Computational stylometry is the quantitative study of recurring features in our language that we use automatically, and that are as unique to each one of us as our fingerprints. Computational stylometry serves as a powerful method in the course of “distant reading,” which, following Franco Moretti, offers a new approach to the analysis of literary texts, one that replaces the selective reading of a canon.

The primary purpose of this research is to leverage stylometric methods in order to contribute a new perspective on the study of modern Hebrew prose. Our approach include computational analysis of linguistics features such as morphology and syntax; semantic features that represent temporal and spatial dimensions and relations. In order to achieve this goal, we will develop cutting-edge natural language processing algorithms for the automatic extraction of these features from each text, in order to relate them to the metadata of the work and the author, and ultimately to run the clustering and classification algorithms which will isolate the features of any given stylistic profile.

Our project contributes greatly to both Hebrew literary stylometry and to the historiography of Hebrew literature. Furthermore, the algorithms we plan on developing will form a basis for the automated analysis of any modern Hebrew text, and will contribute to the ever-growing field of Hebrew natural language processing.


Preliminary results on gender differences in twentieth-century Hebrew prose - 141 books by female authors and 178 books written by male authors.

The investigation checked masculine and feminine verbs in prose written by male and by female authors in three periods of time: authors born prior to 1930, authors born between 1930 and 1960, and authors born after 1960. 


This graph shows that in literature written by both male and female authors, we can find dramatically fewer female verbs than male verbs.
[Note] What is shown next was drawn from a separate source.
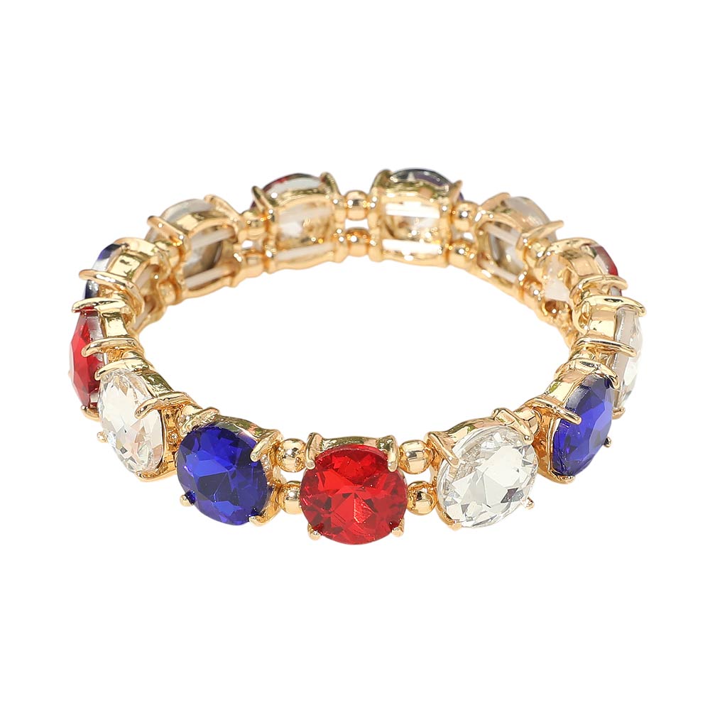 Round Stone Cluster Beaded Stretch Evening Bracelet

We can see that in the prose written by women, there are more female actions than in literature written by men. We also see an increase in female verbs in the later years in prose written by women authors born after 1960.  The numbers are normalized for 10K words. 

Speaking verbs are the most frequent verbs. The verb “say” and “ask” are the most-used verbs, both in literature written by male and by female authors. However, when grouping speaking verbs, we discovered that in early writings, female characters spoke less than men in both male and female writings (light green and light orange). However, the situation dramatically changed in later periods, especially in literature written by women. In later women’s literature, women talk more than men (see the light green line going up). In men’s literature the change is minor.  This is the only case in which we see that women action become higher than men actions.
 
Preliminary results on stylistic profiles

This graph demonstrates a distant reading map of Jerusalemite authors (Haim Be'er, Amos Oz, Haim Sabato, David Grossman, Emuna Elon, Dan Benaya Seri, Shifra Horn, Rivka Miriam, Brenner and Agnon), based on morphosyntactic features. Each author's books are input to the computational system in terms of sequences of morphological categories, without preserving any content words or lexemes whatsoever. Nevertheless, as we can see here, the books of any given author all cluster together - that is, the morphosyntactic patterns of each author are sufficiently unique to provide for this. At the same time, the graph also gives us insight regarding the extent to which any two authors tend to use similar morphosyntactic patterns to one another.